| WORK TO COMPLETE |
Gather all lines in the entries that include the word "with".

| DATASET ENTRIES |
BEGIN

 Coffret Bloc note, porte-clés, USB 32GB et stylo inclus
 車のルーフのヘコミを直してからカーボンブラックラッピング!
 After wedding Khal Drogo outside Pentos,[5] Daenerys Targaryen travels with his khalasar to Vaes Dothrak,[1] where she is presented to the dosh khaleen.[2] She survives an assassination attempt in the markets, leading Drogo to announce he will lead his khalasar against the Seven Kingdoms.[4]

END
BEGIN

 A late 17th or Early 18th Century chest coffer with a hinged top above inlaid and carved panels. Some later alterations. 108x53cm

END
BEGIN

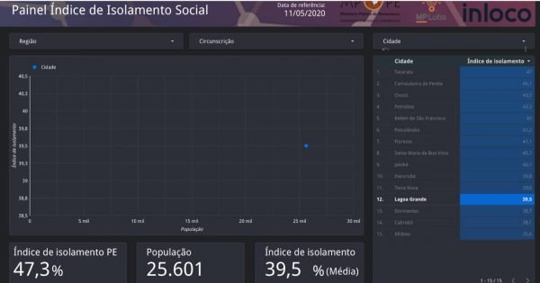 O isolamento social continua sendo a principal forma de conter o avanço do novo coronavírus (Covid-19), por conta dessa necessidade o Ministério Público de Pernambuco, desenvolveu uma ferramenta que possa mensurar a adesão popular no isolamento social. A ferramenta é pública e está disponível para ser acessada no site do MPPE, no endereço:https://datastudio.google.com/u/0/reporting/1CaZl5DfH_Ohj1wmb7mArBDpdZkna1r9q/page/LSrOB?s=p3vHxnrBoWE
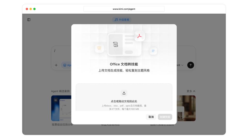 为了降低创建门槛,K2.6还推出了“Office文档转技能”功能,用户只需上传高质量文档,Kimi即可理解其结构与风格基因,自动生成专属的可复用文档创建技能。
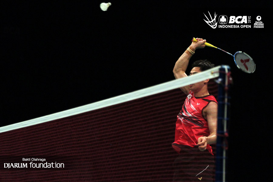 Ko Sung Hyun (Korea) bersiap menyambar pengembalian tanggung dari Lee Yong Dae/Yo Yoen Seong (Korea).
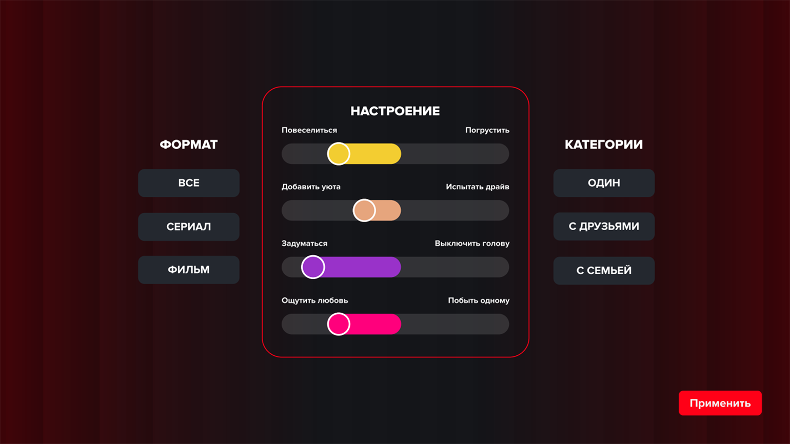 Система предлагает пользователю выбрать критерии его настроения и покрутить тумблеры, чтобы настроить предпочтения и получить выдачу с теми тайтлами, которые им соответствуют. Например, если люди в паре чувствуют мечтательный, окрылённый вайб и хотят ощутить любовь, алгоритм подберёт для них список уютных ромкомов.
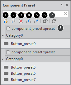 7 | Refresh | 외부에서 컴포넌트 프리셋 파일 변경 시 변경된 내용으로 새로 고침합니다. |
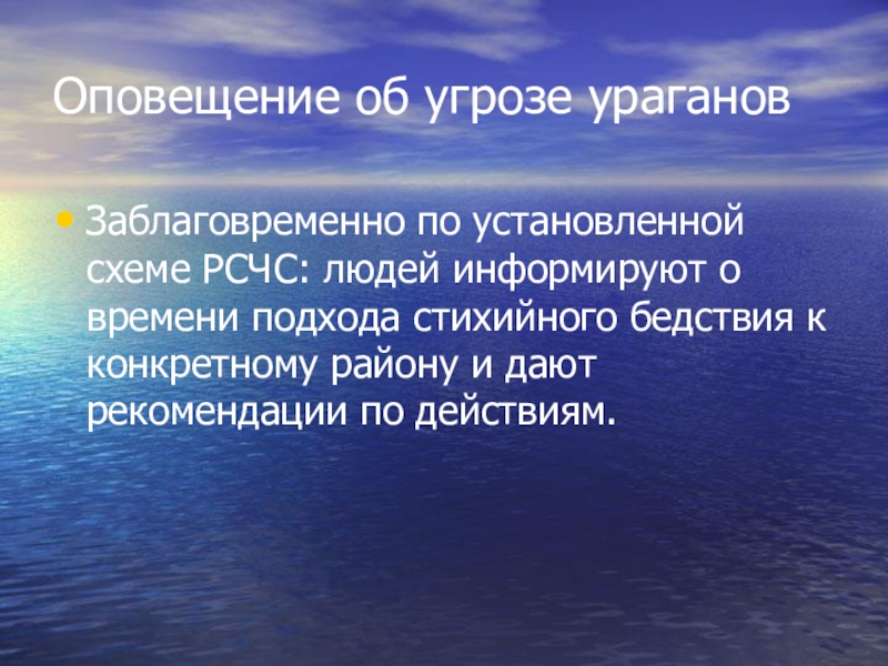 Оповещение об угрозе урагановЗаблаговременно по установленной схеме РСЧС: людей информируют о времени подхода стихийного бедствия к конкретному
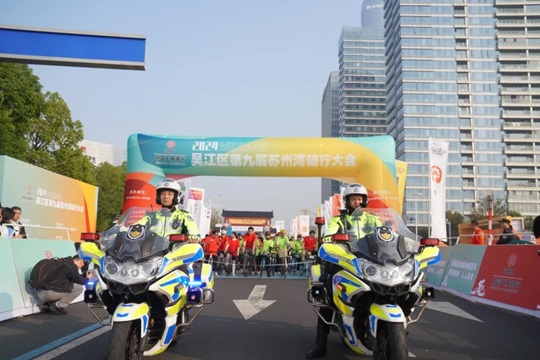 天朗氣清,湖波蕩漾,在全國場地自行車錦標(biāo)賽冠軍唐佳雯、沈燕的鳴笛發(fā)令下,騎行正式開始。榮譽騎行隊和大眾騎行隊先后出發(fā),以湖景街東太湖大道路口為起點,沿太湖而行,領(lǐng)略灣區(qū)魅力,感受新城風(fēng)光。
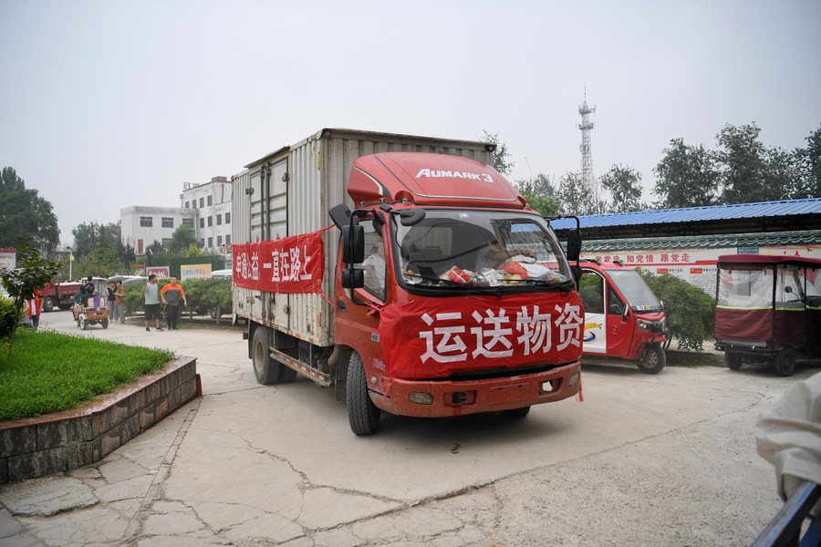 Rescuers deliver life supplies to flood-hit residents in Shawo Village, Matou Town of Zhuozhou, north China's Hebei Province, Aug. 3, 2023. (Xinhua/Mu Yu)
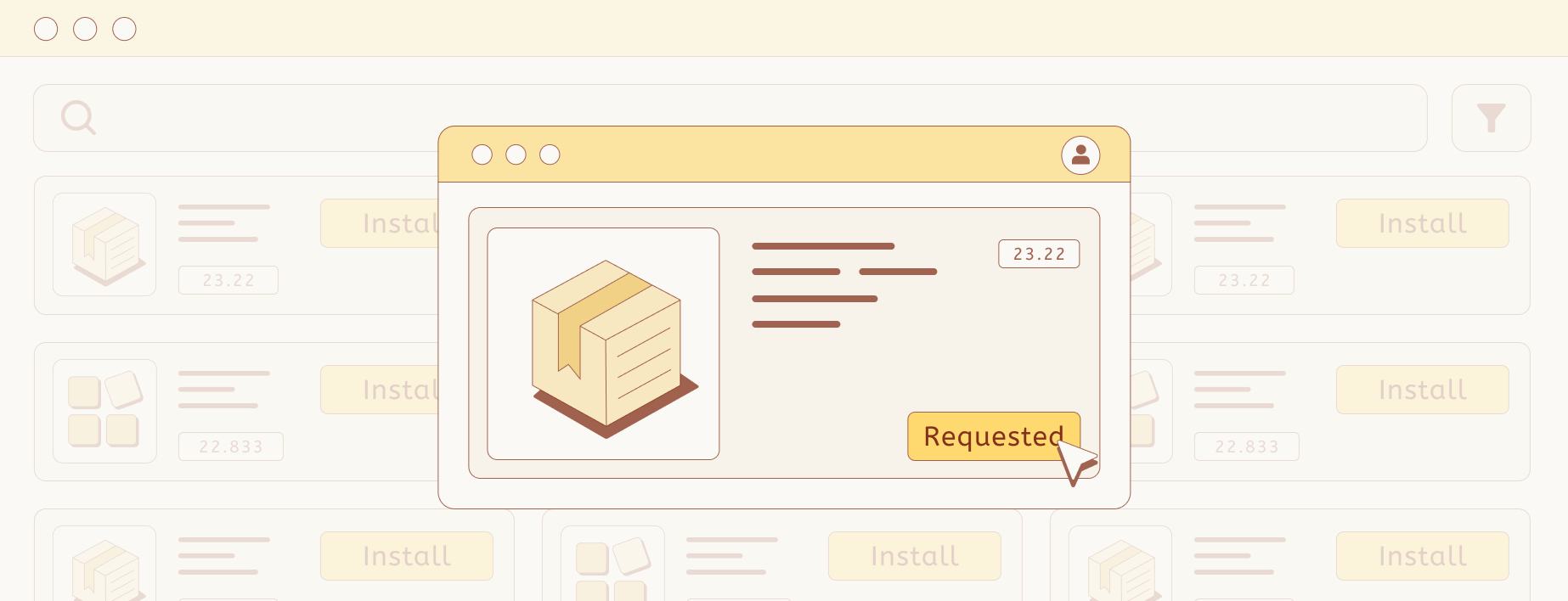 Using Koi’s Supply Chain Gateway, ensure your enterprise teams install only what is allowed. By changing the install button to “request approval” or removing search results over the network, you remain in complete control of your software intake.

END

| SOLUTION TO THIS EXERCISE |
 After wedding Khal Drogo outside Pentos,[5] Daenerys Targaryen travels with his khalasar to Vaes Dothrak,[1] where she is presented to the dosh khaleen.[2] She survives an assassination attempt in the markets, leading Drogo to announce he will lead his khalasar against the Seven Kingdoms.[4]
 A late 17th or Early 18th Century chest coffer with a hinged top above inlaid and carved panels. Some later alterations. 108x53cm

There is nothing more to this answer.